--- The records ---
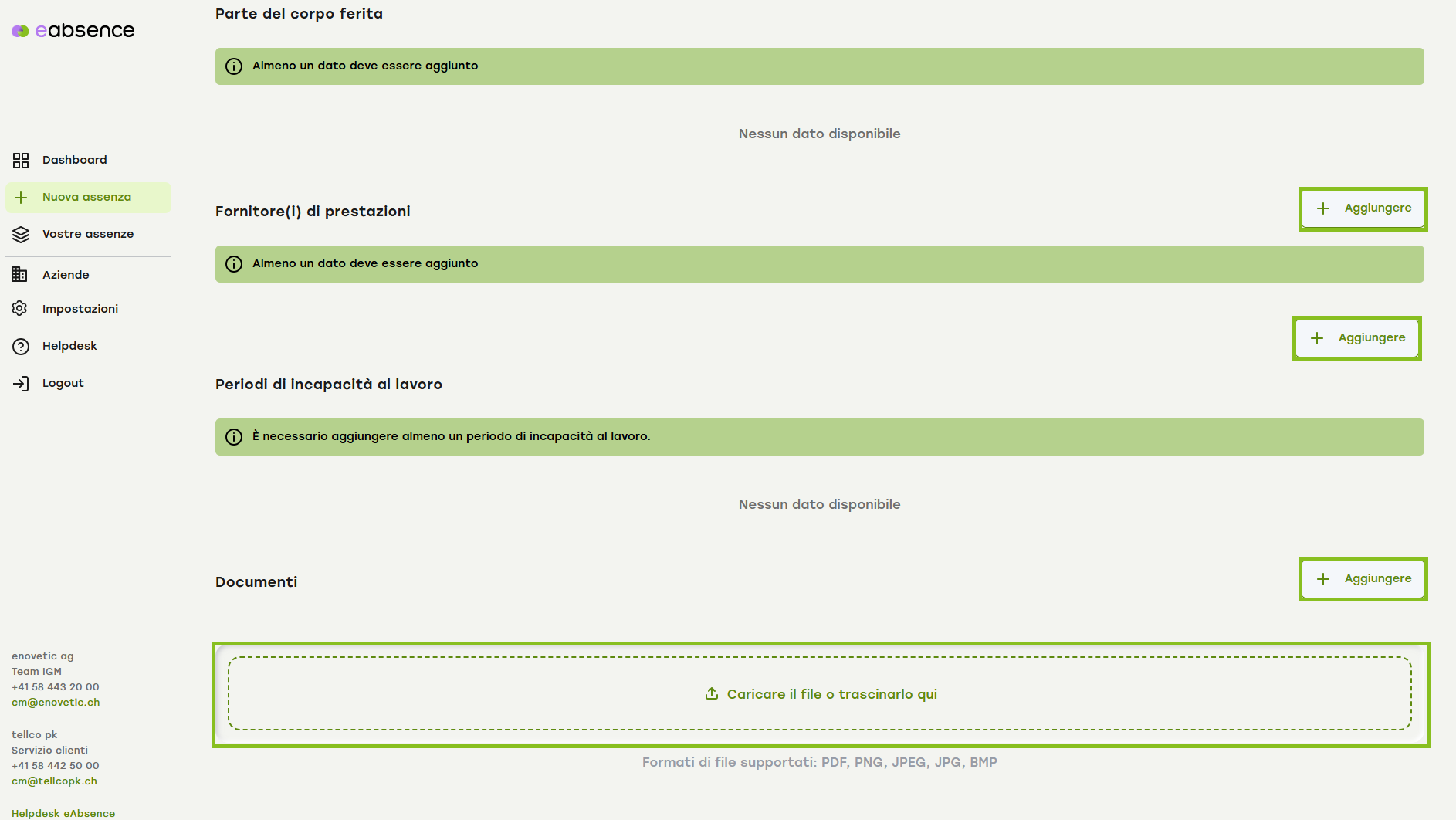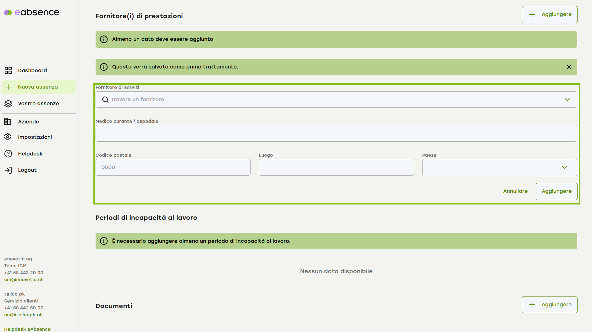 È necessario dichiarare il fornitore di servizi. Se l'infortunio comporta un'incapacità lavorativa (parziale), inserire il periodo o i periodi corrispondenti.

---

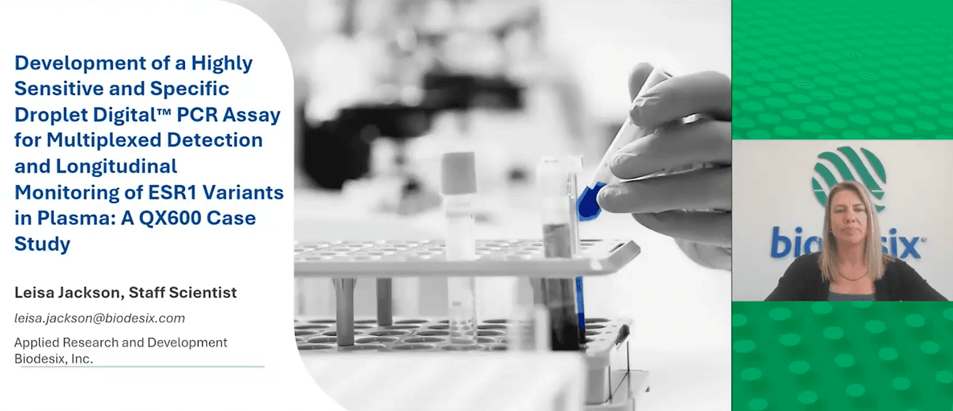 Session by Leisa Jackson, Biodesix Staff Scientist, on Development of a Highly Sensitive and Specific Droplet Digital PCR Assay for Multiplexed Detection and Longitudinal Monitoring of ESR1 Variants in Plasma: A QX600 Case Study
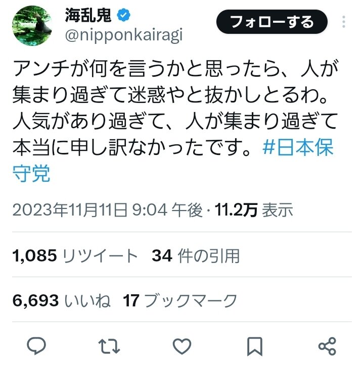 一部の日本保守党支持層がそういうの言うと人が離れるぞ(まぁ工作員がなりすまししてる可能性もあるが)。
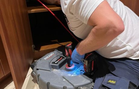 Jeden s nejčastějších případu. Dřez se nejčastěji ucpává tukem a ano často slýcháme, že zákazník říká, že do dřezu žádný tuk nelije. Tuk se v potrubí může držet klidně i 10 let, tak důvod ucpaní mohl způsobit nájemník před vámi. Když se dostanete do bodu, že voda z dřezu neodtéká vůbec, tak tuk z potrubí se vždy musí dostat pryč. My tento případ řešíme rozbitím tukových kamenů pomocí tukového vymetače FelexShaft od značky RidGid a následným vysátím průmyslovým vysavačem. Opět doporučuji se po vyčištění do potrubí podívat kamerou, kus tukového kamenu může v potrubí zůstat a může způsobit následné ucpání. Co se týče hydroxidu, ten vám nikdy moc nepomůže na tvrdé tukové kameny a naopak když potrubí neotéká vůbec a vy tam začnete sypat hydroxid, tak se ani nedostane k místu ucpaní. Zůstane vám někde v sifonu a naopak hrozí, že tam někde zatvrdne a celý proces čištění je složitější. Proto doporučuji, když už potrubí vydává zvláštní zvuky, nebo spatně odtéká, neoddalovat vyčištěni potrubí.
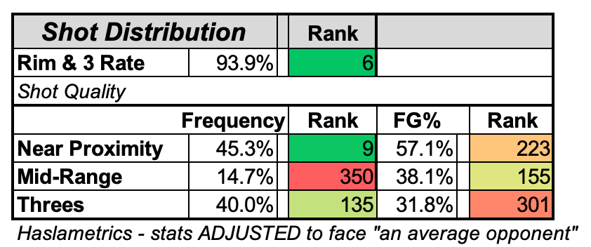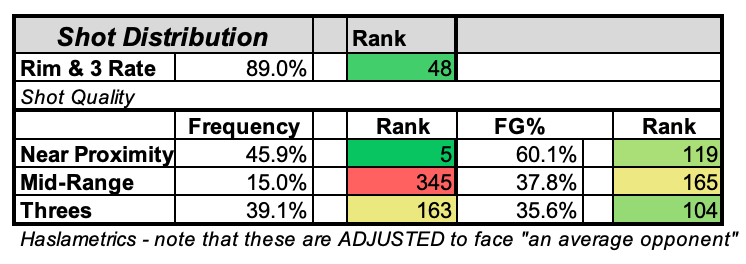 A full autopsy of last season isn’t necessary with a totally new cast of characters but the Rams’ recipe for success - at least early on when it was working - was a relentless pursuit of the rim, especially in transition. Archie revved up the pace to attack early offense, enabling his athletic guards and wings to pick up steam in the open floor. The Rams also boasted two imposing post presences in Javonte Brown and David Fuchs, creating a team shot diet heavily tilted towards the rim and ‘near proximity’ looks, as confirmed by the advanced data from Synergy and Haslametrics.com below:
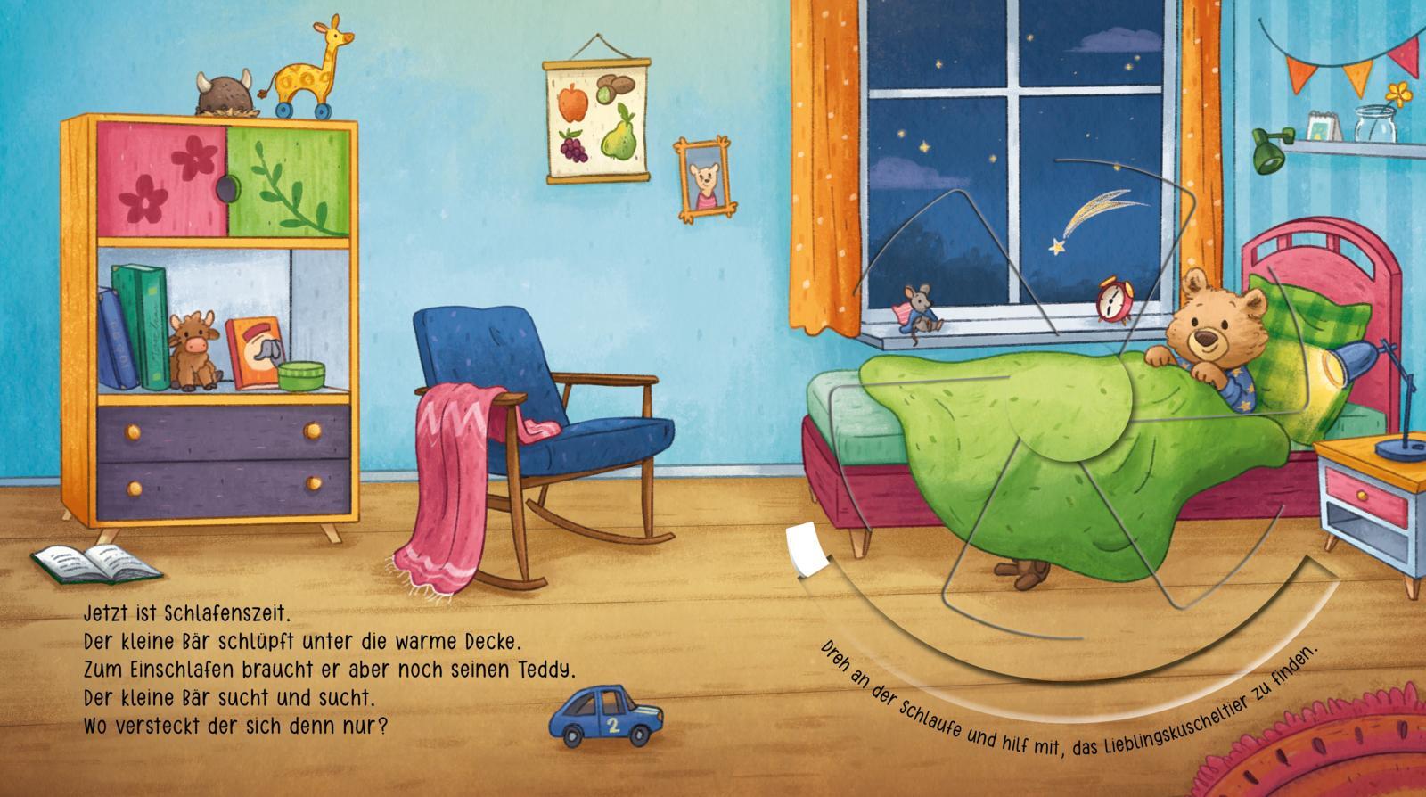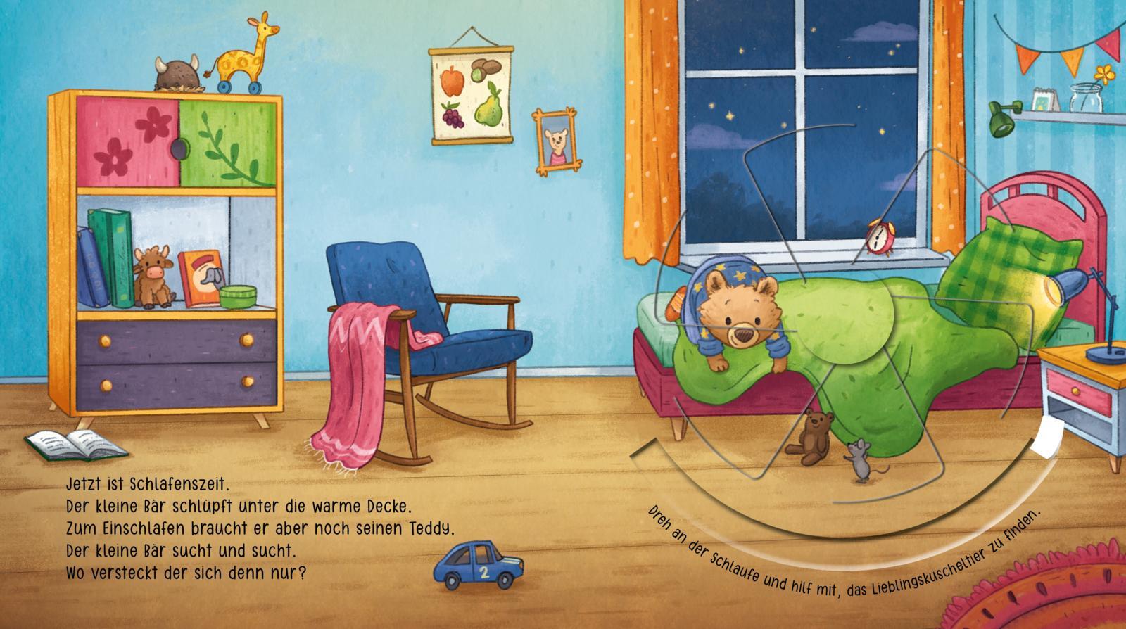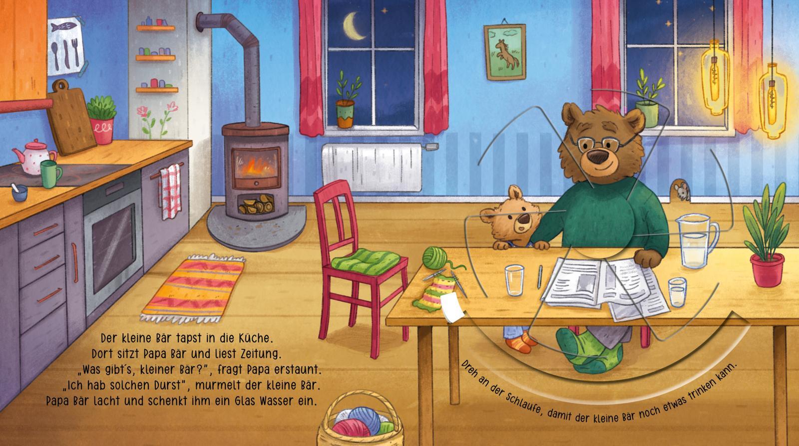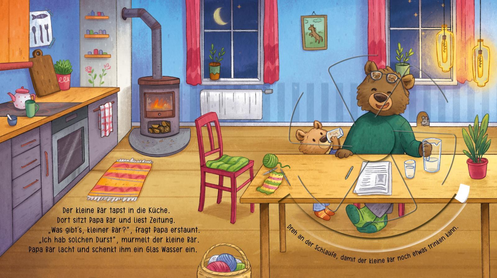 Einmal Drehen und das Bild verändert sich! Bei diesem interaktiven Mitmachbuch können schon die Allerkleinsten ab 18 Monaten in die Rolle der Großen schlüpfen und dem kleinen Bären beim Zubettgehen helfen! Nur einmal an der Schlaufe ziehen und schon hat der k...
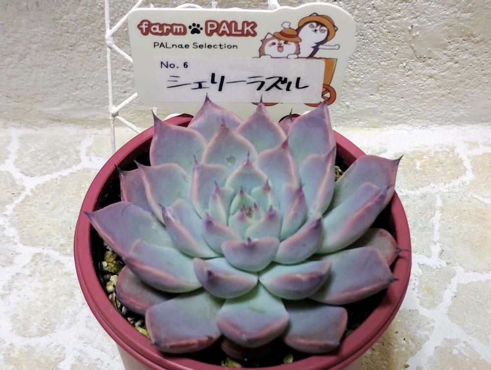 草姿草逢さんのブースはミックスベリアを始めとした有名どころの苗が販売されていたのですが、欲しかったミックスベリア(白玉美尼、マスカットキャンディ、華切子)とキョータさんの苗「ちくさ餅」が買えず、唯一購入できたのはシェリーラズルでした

---

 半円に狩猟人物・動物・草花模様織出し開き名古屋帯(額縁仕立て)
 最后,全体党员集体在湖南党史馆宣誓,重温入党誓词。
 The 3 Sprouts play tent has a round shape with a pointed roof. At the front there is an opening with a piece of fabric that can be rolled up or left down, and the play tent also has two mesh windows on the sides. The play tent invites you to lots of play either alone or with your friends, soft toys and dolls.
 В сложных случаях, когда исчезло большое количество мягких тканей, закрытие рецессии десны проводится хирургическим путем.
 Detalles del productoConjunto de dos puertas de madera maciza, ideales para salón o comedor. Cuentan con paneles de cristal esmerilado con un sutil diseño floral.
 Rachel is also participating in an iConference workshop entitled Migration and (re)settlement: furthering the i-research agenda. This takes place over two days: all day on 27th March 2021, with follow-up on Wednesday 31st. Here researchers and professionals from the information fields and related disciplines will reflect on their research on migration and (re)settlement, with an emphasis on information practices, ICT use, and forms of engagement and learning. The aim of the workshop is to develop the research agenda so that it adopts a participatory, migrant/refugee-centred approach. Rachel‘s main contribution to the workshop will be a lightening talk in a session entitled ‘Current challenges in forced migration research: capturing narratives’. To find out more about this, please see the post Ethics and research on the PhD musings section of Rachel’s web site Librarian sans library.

--- Aim of the task ---
Find where the line with "半円に狩猟人物・動物・草花模様織出し開き名古屋帯(額縁仕立て)" sits in the material above, then copy exactly from it through the line with "Detalles del productoConjunto". Add no other line.

--- Solution to the exercise ---
 半円に狩猟人物・動物・草花模様織出し開き名古屋帯(額縁仕立て)
 最后,全体党员集体在湖南党史馆宣誓,重温入党誓词。
 The 3 Sprouts play tent has a round shape with a pointed roof. At the front there is an opening with a piece of fabric that can be rolled up or left down, and the play tent also has two mesh windows on the sides. The play tent invites you to lots of play either alone or with your friends, soft toys and dolls.
 В сложных случаях, когда исчезло большое количество мягких тканей, закрытие рецессии десны проводится хирургическим путем.
 Detalles del productoConjunto de dos puertas de madera maciza, ideales para salón o comedor. Cuentan con paneles de cristal esmerilado con un sutil diseño floral.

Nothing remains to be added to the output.